Senior Data Engineer

redBus

Early Applicant

7 days ago
Be among the first 50 applicants

Exp: 3-5 Years

Bengaluru / Bangalore, India(estd)

Job Description

redBus.in is India's largest online bus ticketing platform operating across India, SEA & LATAM (Part of GO-MMT group, Nasdaq: MMYT). We have the largest network of bus operators and satisfied customers booking upto 250,000 transactions a day through mobile and desktop channels. With over 300,000+ live routes in multiple continents we host the largest inventory of bus seats from private bus operators and state road transport corporations. We are a true Indian MNC with global presence and operations across India, Singapore, Malaysia, Indonesia, Vietnam, Peru and Colombia. In India, redBus works with 3000 + bus operators with services across 50,000 + routes and a customer base of more than 10 million.

redBus at its heart is about people. As the pioneer in our space, we are passionate about creating amazing experiences for passengers, partners and our people. Energized by a great work environment, where talent is nurtured, innovation is celebrated and challenges are conquered, we journey towards creating fulfilling moments for everyone whose lives we touch. Always striking a balance between getting the job done, while also having fun along the way. So here is to being a Great Place to Work!

Key Responsibilities:

Data Infrastructure & Pipeline Development:

Design, build, and maintain scalable data and machine learning pipelines to support real-time processing and high-volume data flows. Oversee the entire pipeline lifecycle to ensure efficient data collection, transformation, and integration across platforms.

Pattern Mining & Anomaly Detection:

Develop frameworks for pattern mining and anomaly detection within user behavior and transaction data. Continuously monitor and analyze data to identify actionable patterns and anomalies, supporting proactive decision-making.

Workflow Automation:

Automate and orchestrate workflows to optimize data movement, transformation, and ML model deployment, ensuring high availability and operational efficiency across data workflows.

Generative AI for Data Insights:

Leverage generative AI tools to automate diagnostic summaries, enhance feature engineering, and make data insights accessible to both technical and non-technical users.

ML Model Deployment & Monitoring:

Deploy, monitor, and manage machine learning models in production, focusing on performance and accuracy for anomaly detection and pattern recognition. Use monitoring tools to ensure model health and proactively address issues.

Data Warehousing & Real-Time Analytics:

Develop and manage robust data warehousing and real-time analytics solutions to support rapid decision-making and effective anomaly detection across the organization.

Educational Qualification:

Bachelor's or Master's degree in Computer Science or a related field.

Years of Experience:

3 to 5 years in Big data engineering.

Nature and Scope of Responsibilities:

The ideal candidate will be responsible for developing cutting-edge services for pattern mining and anomaly detection, utilizing billions of user behavior and transaction signals daily. This role involves handling big data, building resilient and stable data engineering pipelines for high-volume processing, and performing data modeling for databases and data warehouses to support scalable solutions. Collaboration with cross-functional teams, including product, business development and engineering, is essential to drive actionable insights and enhance data accessibility.
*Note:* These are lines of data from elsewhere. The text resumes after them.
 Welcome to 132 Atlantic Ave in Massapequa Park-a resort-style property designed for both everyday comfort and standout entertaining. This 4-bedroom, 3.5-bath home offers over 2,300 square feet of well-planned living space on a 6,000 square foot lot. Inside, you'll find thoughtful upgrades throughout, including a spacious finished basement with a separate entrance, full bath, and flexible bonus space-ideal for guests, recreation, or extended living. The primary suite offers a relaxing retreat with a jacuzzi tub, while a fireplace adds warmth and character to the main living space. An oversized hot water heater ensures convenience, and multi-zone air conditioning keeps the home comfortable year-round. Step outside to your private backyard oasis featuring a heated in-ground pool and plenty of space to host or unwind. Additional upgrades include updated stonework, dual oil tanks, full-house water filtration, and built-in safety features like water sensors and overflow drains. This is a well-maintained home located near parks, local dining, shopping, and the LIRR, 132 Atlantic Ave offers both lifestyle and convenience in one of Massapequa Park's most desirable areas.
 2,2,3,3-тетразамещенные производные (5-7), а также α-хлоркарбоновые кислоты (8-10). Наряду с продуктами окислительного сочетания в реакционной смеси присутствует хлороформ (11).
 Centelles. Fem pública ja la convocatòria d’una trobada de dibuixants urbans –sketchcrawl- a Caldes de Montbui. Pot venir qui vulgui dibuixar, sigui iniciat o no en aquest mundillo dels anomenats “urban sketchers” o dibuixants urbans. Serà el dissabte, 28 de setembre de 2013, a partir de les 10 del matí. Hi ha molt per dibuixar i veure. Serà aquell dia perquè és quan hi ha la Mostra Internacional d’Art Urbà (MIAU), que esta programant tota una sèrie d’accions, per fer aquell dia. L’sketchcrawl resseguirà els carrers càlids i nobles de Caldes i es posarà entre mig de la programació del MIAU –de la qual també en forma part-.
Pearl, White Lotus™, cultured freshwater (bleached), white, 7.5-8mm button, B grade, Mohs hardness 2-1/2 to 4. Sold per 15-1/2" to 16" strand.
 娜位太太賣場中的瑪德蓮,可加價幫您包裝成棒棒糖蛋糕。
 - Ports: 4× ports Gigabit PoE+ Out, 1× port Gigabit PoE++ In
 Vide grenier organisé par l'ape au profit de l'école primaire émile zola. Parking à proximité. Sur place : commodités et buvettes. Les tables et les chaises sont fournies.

Key responsibilities include automating data workflows, deploying models, and utilizing generative AI tools to enhance data usability for diverse stakeholders.

Must-Have Skills:

Expertise in at least two big data and data pipeline technologies, including Apache Kafka, Apache Nifi, and Apache Spark.
Strong understanding of data warehousing concepts and database modeling skills , with experience in tools like Apache Iceberg/Hudi and data warehouses like AWS Redshift.
Advanced programming skills in Python, Java, and SQL for data engineering and ML workflows.
Strong familiarity with AWS cloud services, including RDS, Redshift, Athena, EC2, ECS, Lambda, Glue, and Fargate.
Exposure to advanced statistical and machine learning techniques for anomaly detection and pattern recognition.
Familiarity with generative AI applications to enhance data insights.

Good-to-Have Skills:

Experience in OLAP databases like Apache Druid and ClickHouse.
Strong experience with one of the workflow automation and orchestration tools, such as Apache Airflow, Prefect, or Luigi.
Knowledge of predictive maintenance for data pipelines.
Proficiency in ML lifecycle management and model monitoring using tools such as Amazon SageMaker and MLflow.
Knowledge of GCP and Azure services.
Knowledge of front-end application development.